As per previously announced plans, Chrome is restricting third-party cookies by default for 1% of Chrome users to facilitate testing, and then ramping up to 100% of users from Q3 2024. The ramp up to 100% of users is subject to addressing any remaining competition concerns of the UK's Competition and Markets Authority (CMA).
As of 4th January 2024, Chrome has started restricting third-party cookies by default for 1% of Chrome browsers. It may take several days to reach the full 1%.
Browsers that are part of the 1% group will also see new Tracking Protection user controls. You can try out these changes in Chrome 121 or higher by enabling chrome://flags/#test-third-party-cookie-phaseout
.
We'll keep you posted as we move further along the deprecation timeline. Refer to our updated landing page on preparing for the end of third-party cookies for immediate actions you can take to ensure your sites don't break.
Identify third-party cookie restrictions
The address bar for Chrome browsers that restrict third-party cookies will show an "eye" icon on a site that attempts to access third-party cookies:
Click the eye icon to see information about Tracking Protection, a new Chrome feature that limits cross-site tracking by restricting website access to third-party cookies by default:
Click the toggle to temporarily allow third-party cookies for the current site:
Chrome DevTools alerts
For browsers not in the 1% group, and without third-party cookies blocked from chrome://settings/cookies
, Chrome DevTools displays warnings about cross-site cookie issues:
For browsers in the 1% group, DevTools displays errors about reading and setting third-party cookies being blocked:
Settings changes
For browsers in the 1% group, users will get a new chrome://settings/trackingProtection
page instead of chrome://settings/cookies
:
Get support, and report issues with third-party cookies
We want to learn about scenarios where sites break when third-party cookies are restricted, to ensure that we provide adequate guidance, tooling, and capabilities to allow sites to migrate away from their third-party cookie dependencies.

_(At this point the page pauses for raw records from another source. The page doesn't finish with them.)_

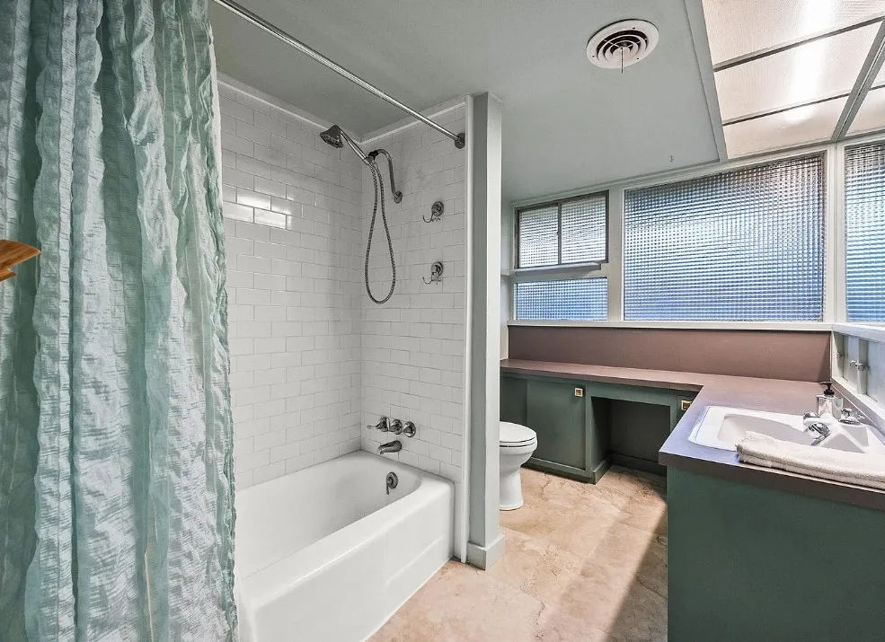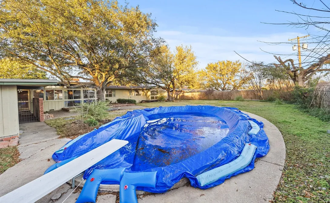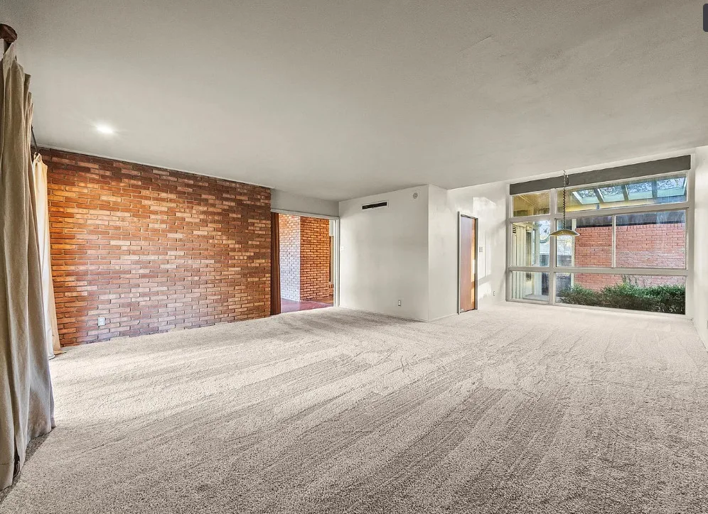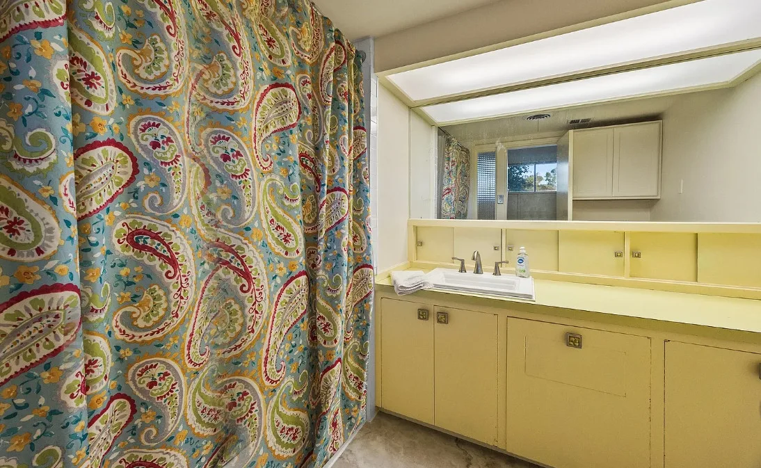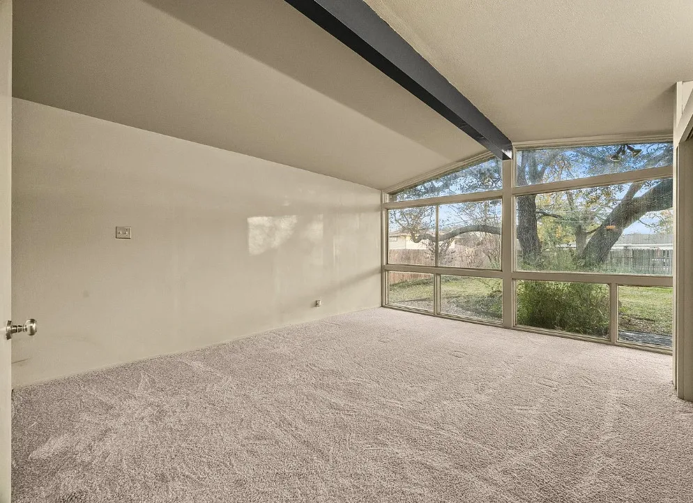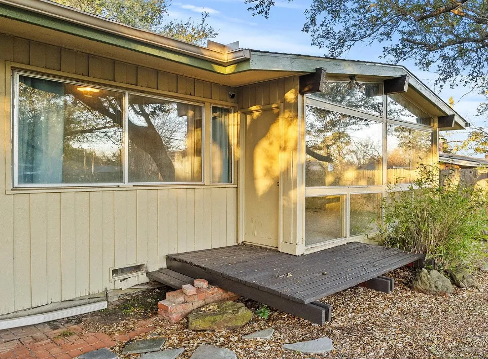 Love a good mid-century modern! This one has nice details! There is a pool on the property, but the listing says it needs work. The house was built in 1955. It is located on .5 acre in Greenville, Texas. The house features a covered front porch, exposed brick, nice windows, a lot of natural light, spacious kitchen, wood floors and vintage bathrooms. There is a large backyard patio, great old trees and an in-ground pool. Four bedrooms, three bathrooms and 2,366 square feet. $280,000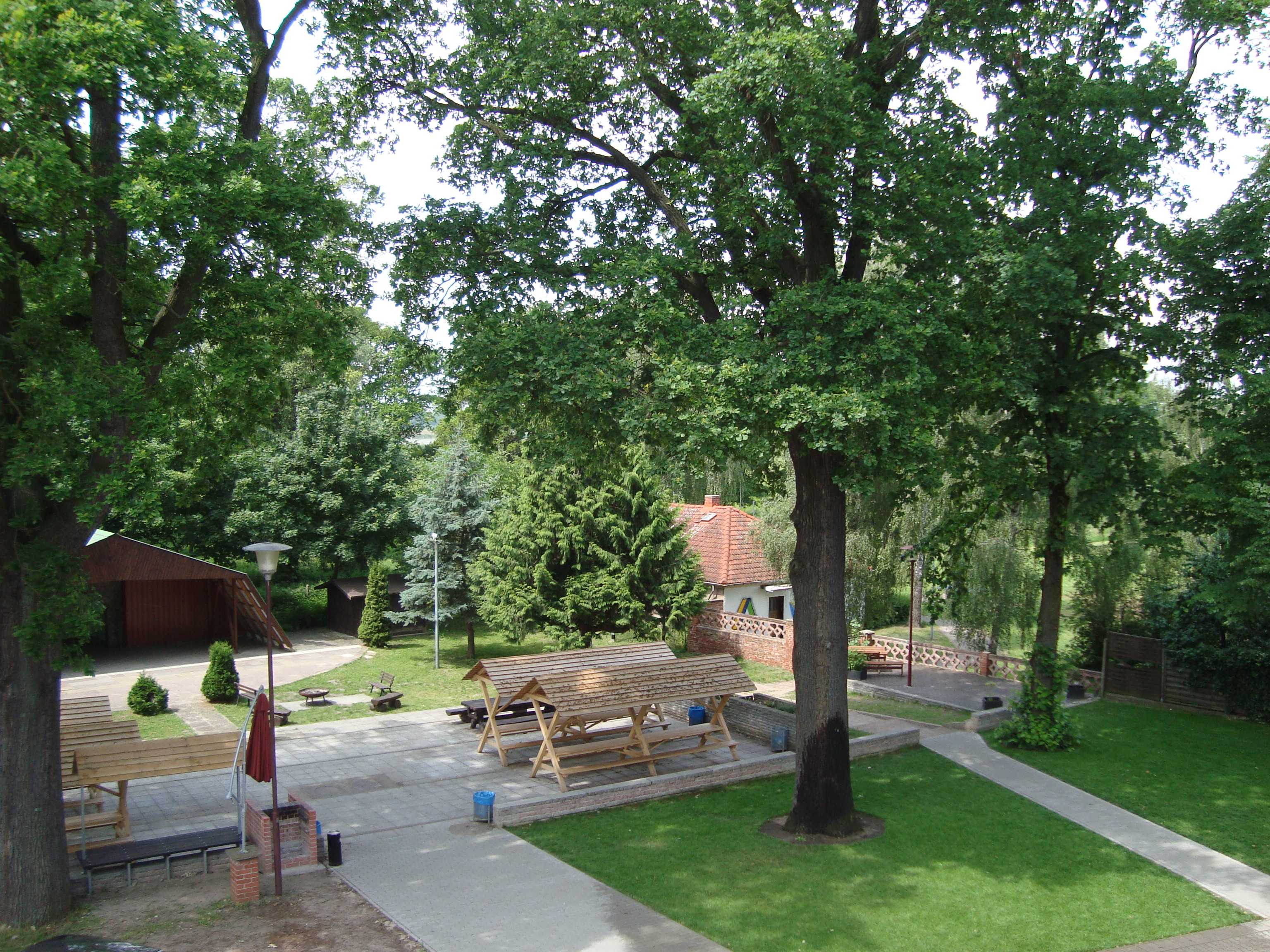 Auf dem 15.000m² großen Außengelände können Volleyball und Basketball gespielt oder auf der überdachten Freilichtbühne kleine Theaterstücke geprobt werden.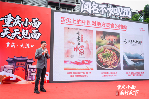 活动现场,舞蹈《闻名不如见面》以艺术形式演绎重庆小面文化,呼啦面馆、辣来主义等品牌设置独立展台,重庆小面产业代表做品牌推介和产品介绍,分享《我和重庆小面的故事》。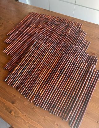 Conjunto de cinco individuais feitos à mão. - Confeccionados em bambu. - Design artesanal.

If your site or a service you depend on is breaking with third-party cookies disabled, you should report this on our breakage tracker at goo.gle/report-3pc-broken. It is also possible to request additional migration time with the third-party cookie deprecation trial for non-advertising use cases which would exclude your embedded site or service from the 1% test.
If you have questions around the deprecation process, you can raise a new issue using the "third-party cookie deprecation" tag on our developer support repository.